What to do ▸
Pictures stay out of the copy. Retype exactly the lines below from the one with "幅が狭く、目頭側の二重ラインが見えていないお目元を、" through the one with "1,09 zł. Oferta…".

Information given ▸
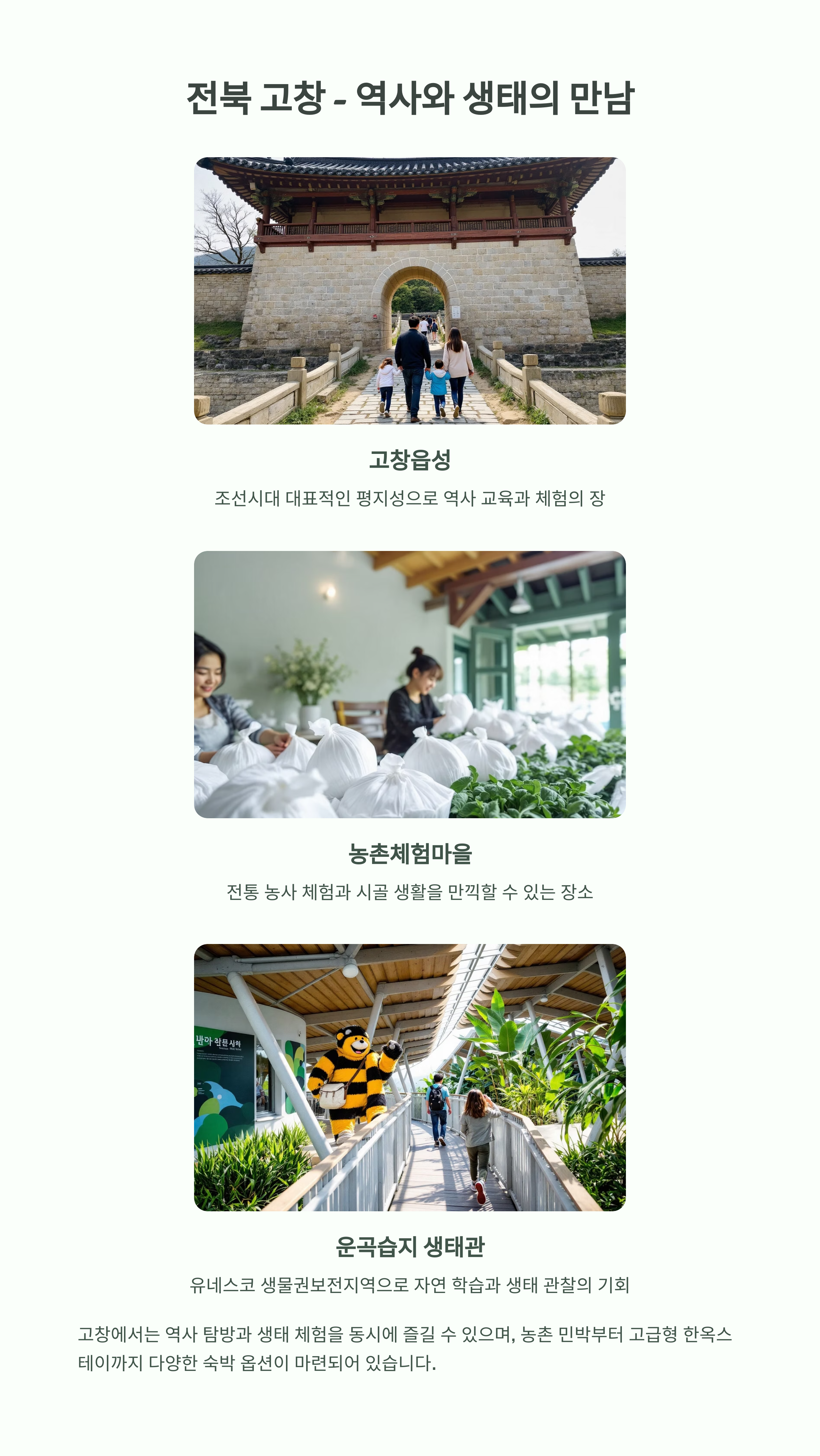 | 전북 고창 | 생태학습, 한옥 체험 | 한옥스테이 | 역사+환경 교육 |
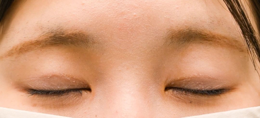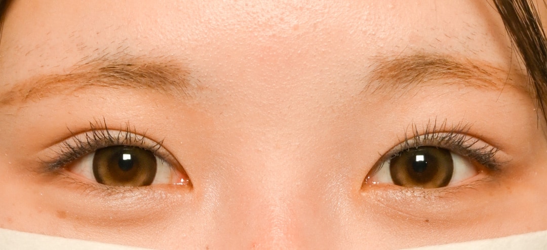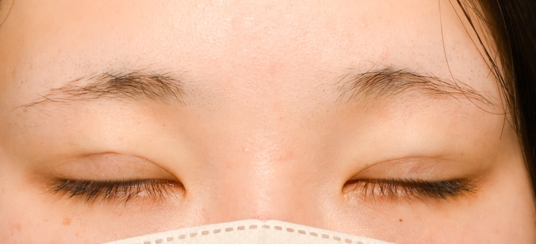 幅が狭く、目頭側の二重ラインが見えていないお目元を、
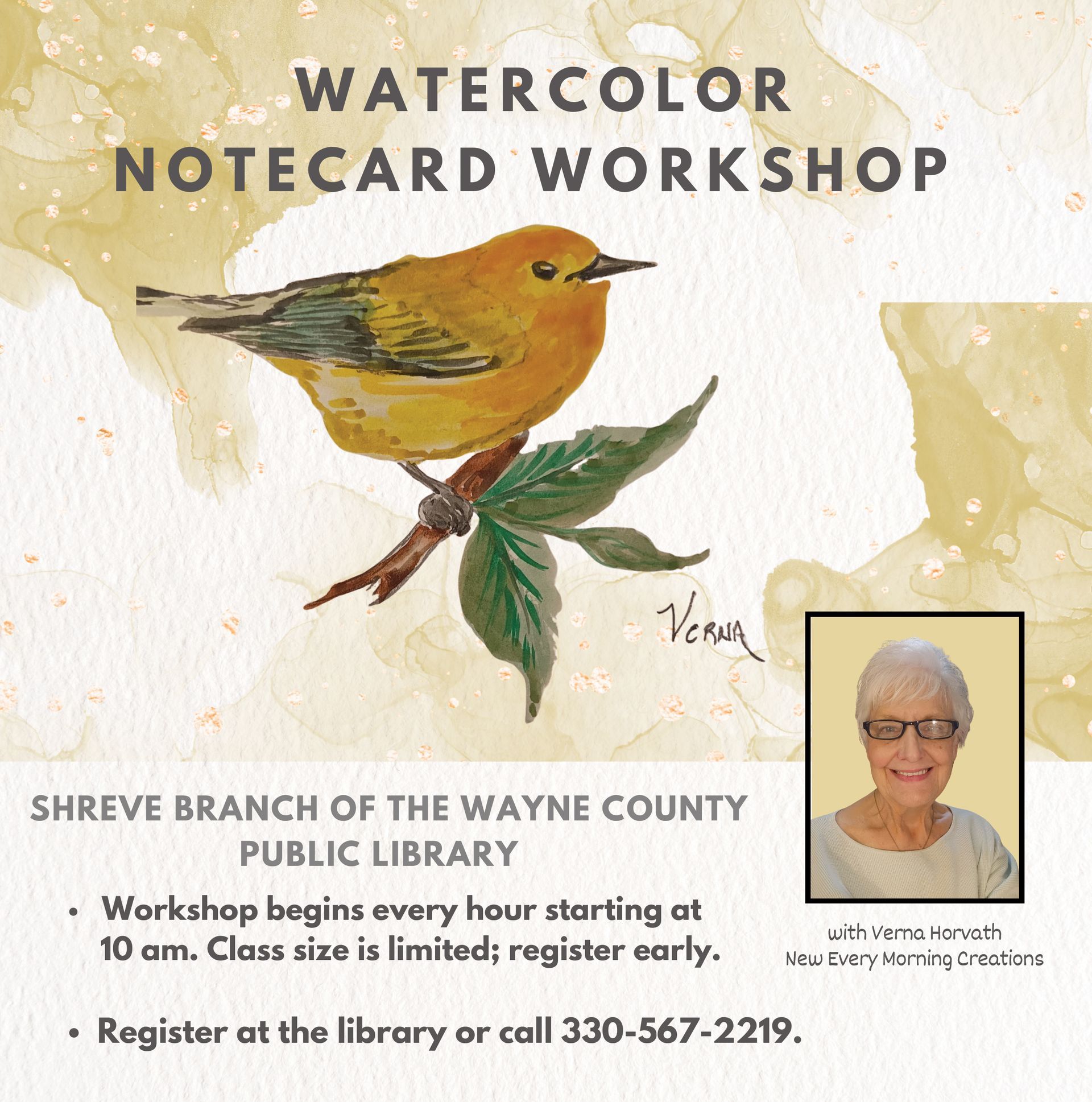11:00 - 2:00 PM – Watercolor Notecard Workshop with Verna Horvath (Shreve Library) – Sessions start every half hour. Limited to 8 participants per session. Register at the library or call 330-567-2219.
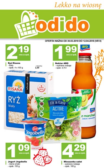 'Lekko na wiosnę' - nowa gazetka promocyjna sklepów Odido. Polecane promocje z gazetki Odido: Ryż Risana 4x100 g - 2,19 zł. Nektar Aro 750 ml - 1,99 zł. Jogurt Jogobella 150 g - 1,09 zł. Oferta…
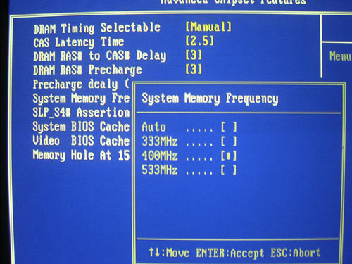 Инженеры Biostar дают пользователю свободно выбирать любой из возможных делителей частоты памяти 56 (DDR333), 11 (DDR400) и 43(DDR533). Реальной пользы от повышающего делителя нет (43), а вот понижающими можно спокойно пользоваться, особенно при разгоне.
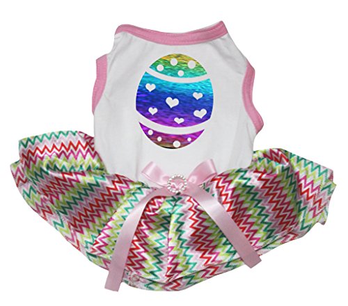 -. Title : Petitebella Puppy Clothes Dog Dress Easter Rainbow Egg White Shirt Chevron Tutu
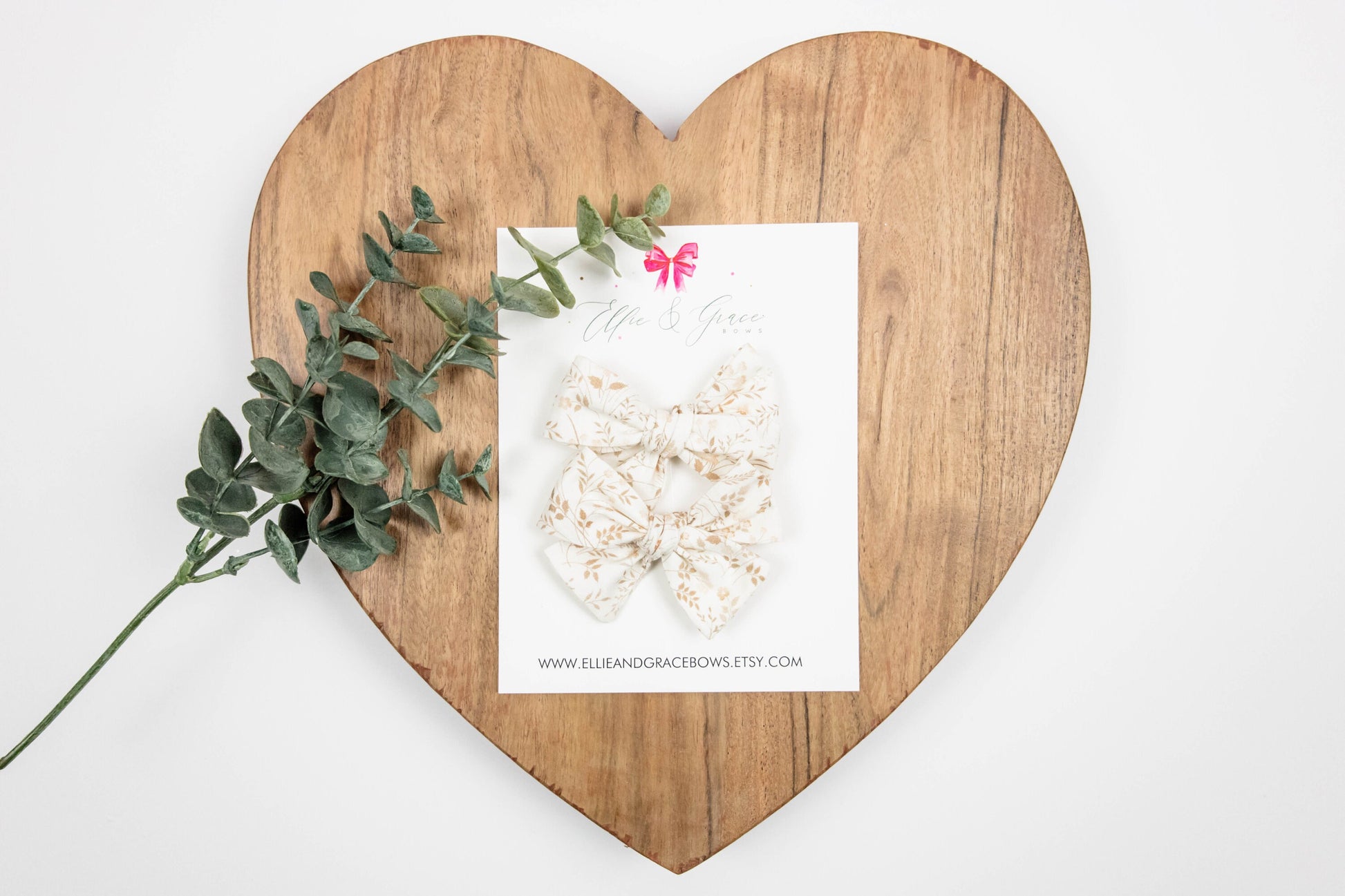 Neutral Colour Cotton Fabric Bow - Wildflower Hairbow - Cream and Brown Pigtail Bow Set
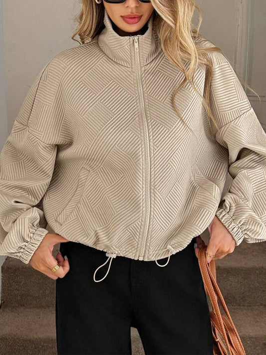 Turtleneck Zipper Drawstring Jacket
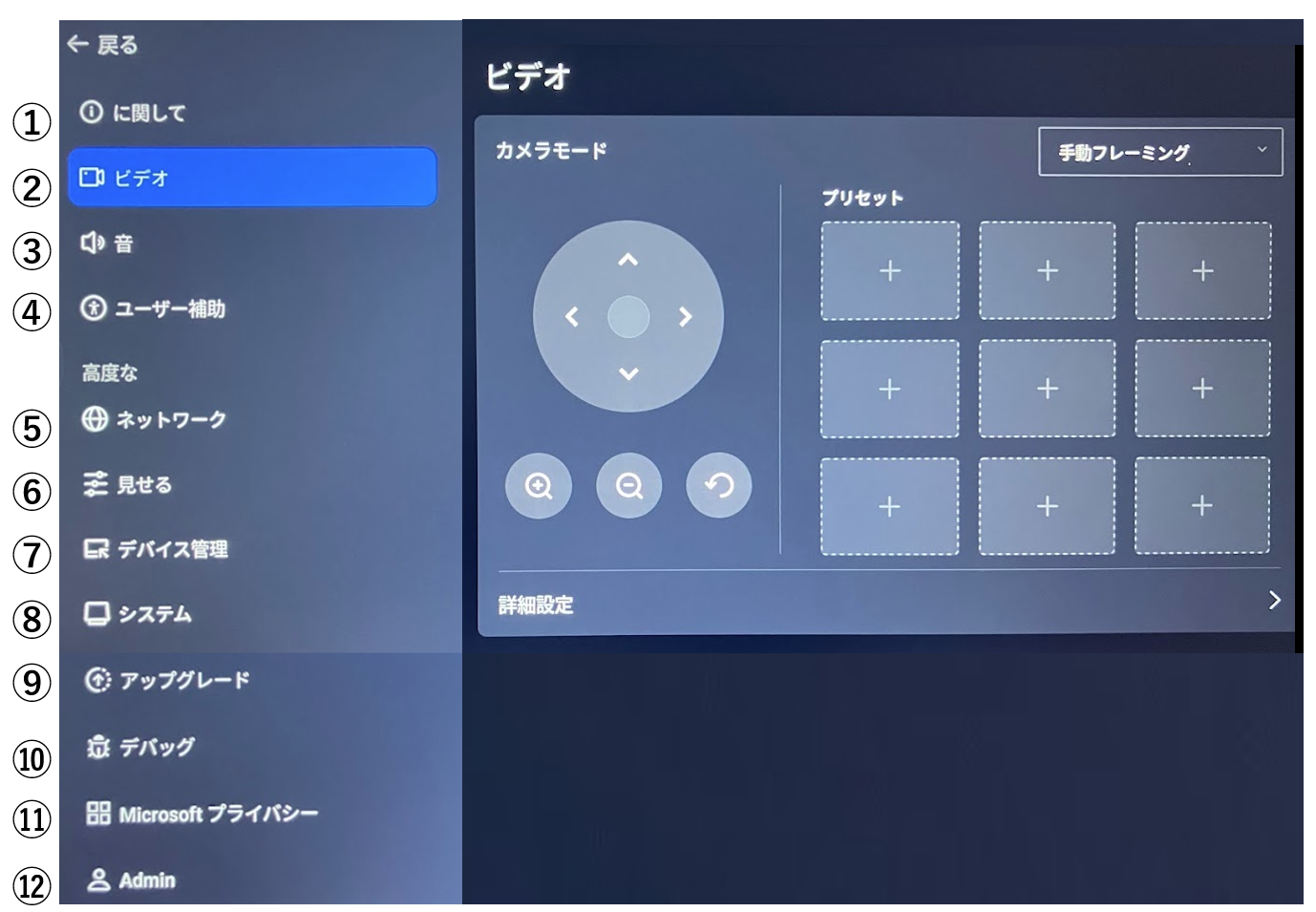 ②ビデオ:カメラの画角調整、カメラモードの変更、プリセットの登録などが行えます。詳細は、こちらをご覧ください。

Exercise output ▸
 幅が狭く、目頭側の二重ラインが見えていないお目元を、
11:00 - 2:00 PM – Watercolor Notecard Workshop with Verna Horvath (Shreve Library) – Sessions start every half hour. Limited to 8 participants per session. Register at the library or call 330-567-2219.
 'Lekko na wiosnę' - nowa gazetka promocyjna sklepów Odido. Polecane promocje z gazetki Odido: Ryż Risana 4x100 g - 2,19 zł. Nektar Aro 750 ml - 1,99 zł. Jogurt Jogobella 150 g - 1,09 zł. Oferta…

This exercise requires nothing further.